Hope Scholarship Credit
A tax credit equal to all of the first $1,000 of tuition and fees (less scholarships, grants, and tax-free tuition benefits) and half of the next $1,000 of tuition and fees is available to parents of dependent students or to students who are not claimed as dependents on their parents' return. The maximum credit of $1,500 will increase for inflation after 2001. The Hope credit can be claimed only for two tax years and applies only to the first two years of postsecondary education. Students must be enrolled at least half time in a program that leads to a degree, certificate, or other educational credential during at least one academic period that begins during a tax year. Students cannot have had a drug felony conviction in a year that the credit applies. Education expenses paid on or after January 1, 1998, are eligible for the Hope Credit
Lifetime Learning Credit
This credit applies to tuition and fees for undergraduate, graduate, and continuing education coursework. A family can claim on its tax return a credit equal to 20 percent of $5,000 of educational expenses; the maximum benefit is $1,000 each tax year. Eligible education expenses are offset by scholarships, grants, and other tax-free tuition benefits.

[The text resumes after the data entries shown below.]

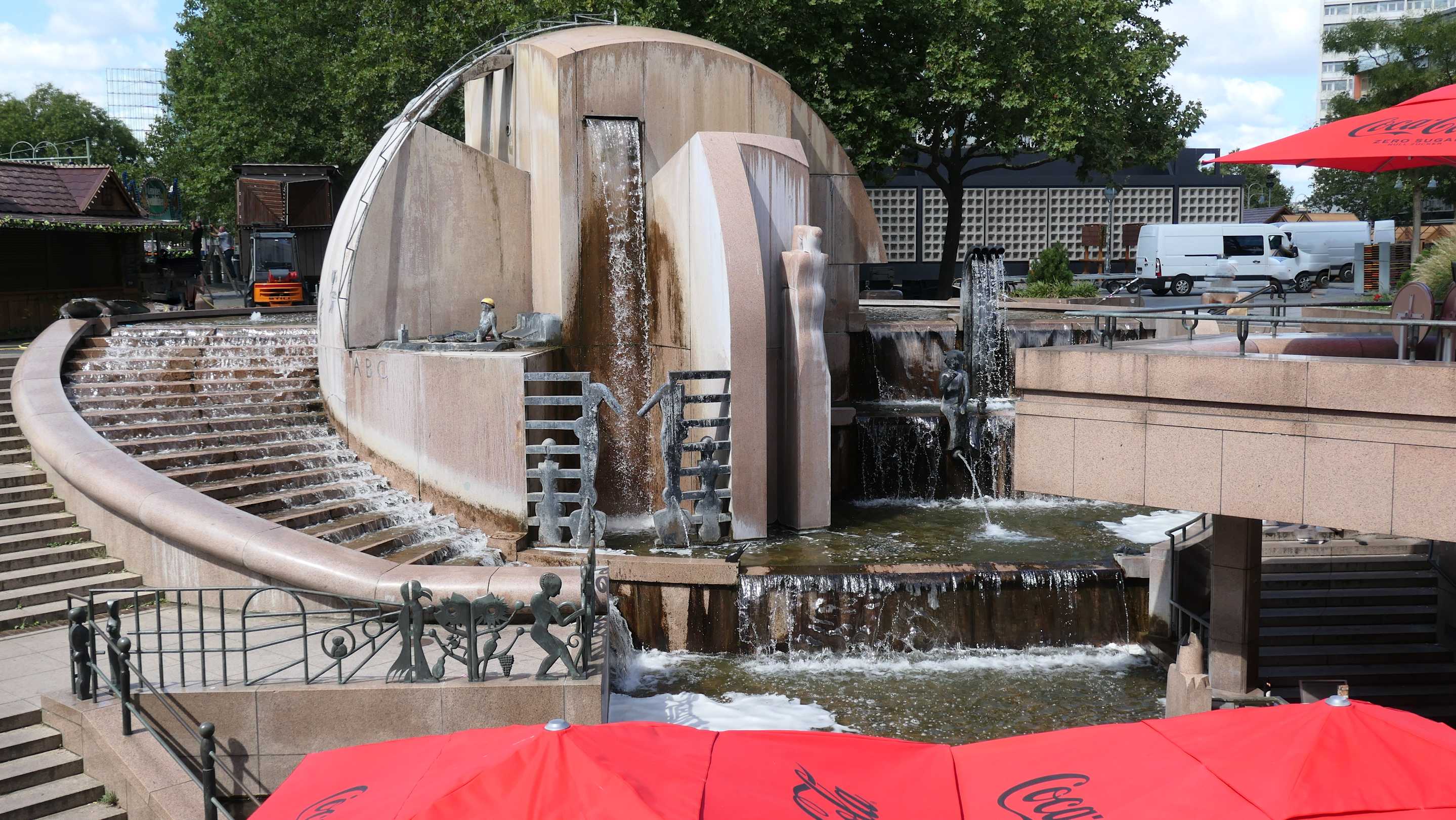 Beim 1983 errichteten Weltkugelbrunnen
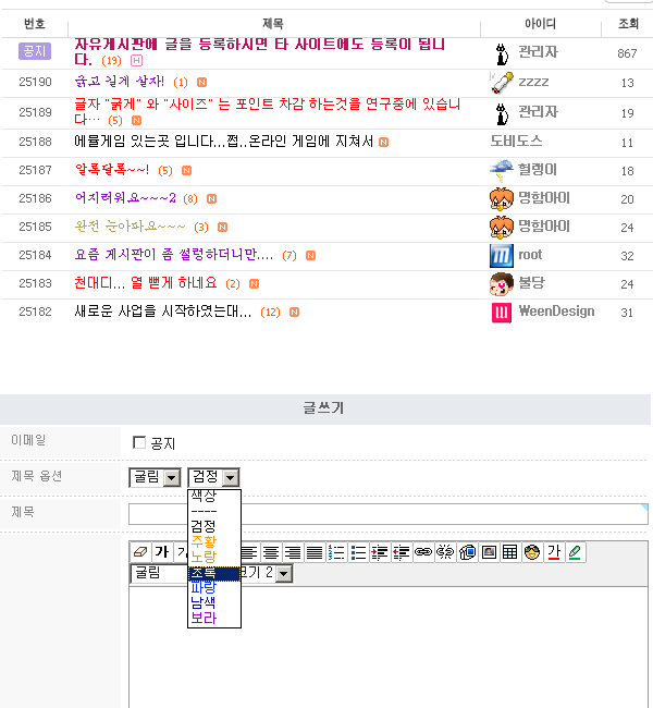 board 제목에 '글꼴', '색상' 설정할 수 있는 게시판
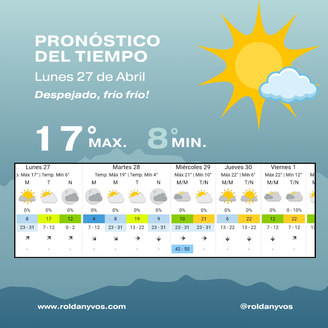 La mañana de este viernes 24 de abril arrancó con una sensación más fría de lo habitual en Roldán. A primera hora, la temperatura se ubicó cerca de los 10…
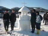 2014年1月29日 17時23分 西山中として、初めて「会津やないづ冬まつり」の雪像作りを1,2年生12名で行ってきました。この活動は、総合学習として行われ、中学生も積極的に柳津町の行事に参加し、柳津町の良さを知り、さらに町全体を盛り上げようとする目的で参加することになりました。美術科の半沢先生の指導のもと、3つの班が協力して、雪像作りを快晴の中、製作することができました。NHKの取材を受け、インタビューに答える生徒もいました。31日に放送するそうです。本番のまつりでたくさんの来場の方に見て頂ければと思います。
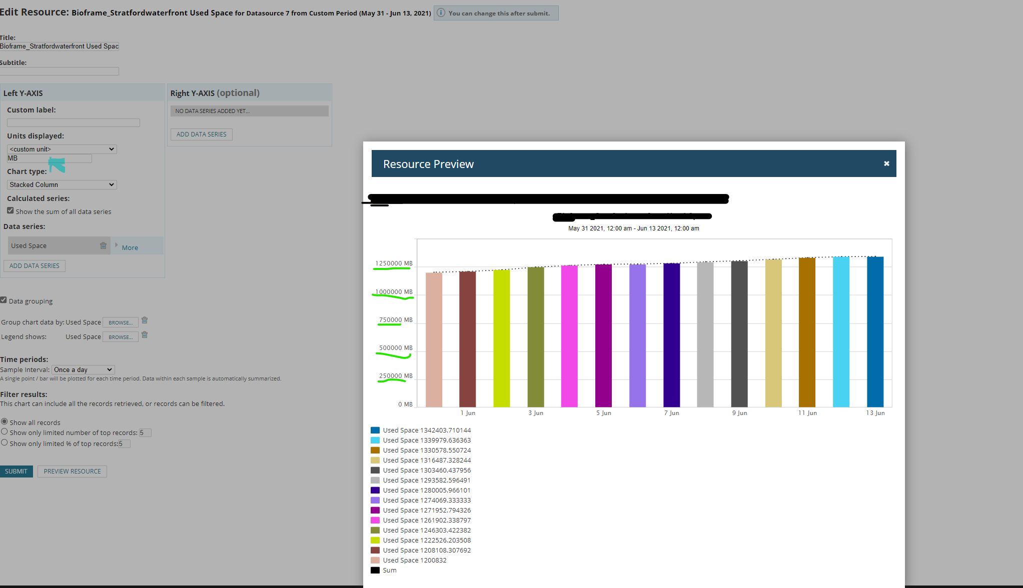 I've recently built a report that displays a chart showing the growth of a SQL database for the last 2 weeks. The problem is the pre defined units (Blue arrow pointing) don't display the correct size of the Database. If I use custom units, type in MB I get the the correct size but I would prefer it to state 1.25 GB as apposed to 1250000 MB.
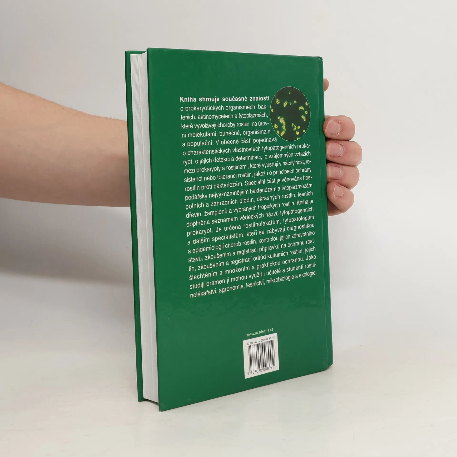 Kniha shrnuje současné znalosti o prokaryotických organismech, bakteriích, aktinomycetech a fytoplazmách, které vyvolávají choroby rostlin, na úrovni molekulární, buněčné, organismální a populační. V obecné části pojednává o charakteristických vlastnostech fytopatogenních prokaryot, o jejich detekci a determinaci, o vzájemných vztazích mezi prokaryoty a rostlinami, které vyúsťují v náchylnost, resistenci nebo toleranci rostlin, jakož i o principech ochrany rostlin proti bakteriózám. Speciální část je věnována hospodářsky nejvýznamnějším bakteriózám a fytoplazmózám polních a zahradních plodin, okrasných rostlin, lesních dřevin, žampionů a vybraných tropických rostlin. Kniha je doplněna seznamem vědeckých názvů fytopatogenních prokaryot. Je určena rostlinolékařům, fytopatologům a dalším specialistům, kteří se zabývají diagnostikou a epidemiologií chorob rostlin, kontrolou jejich zdravotního stavu, zkoušením a registrací odrůd kulturních rostlin, jejich šlechtěním a množením a praktickou ochranou. Jako studijní pramen ji mohou využít i učitelé a studenti rostlinolékařství, agronomie, lesnictví, mikrobiologie a ekologie.

Starting in 2003, the amount of eligible education expenses increases to $10,000, resulting in a $2,000 maximum tax credit. Education expenses paid on or after July 1, 1998, are eligible for the Lifetime Learning Credit.
For more information IRS Publication 970, Tax Benefits for Higher Education, and Publication 520, Scholarships and Fellowships, are available from the IRS Web site at http://www.irs.ustreas.gov or by calling 1-800-TAX-FORM.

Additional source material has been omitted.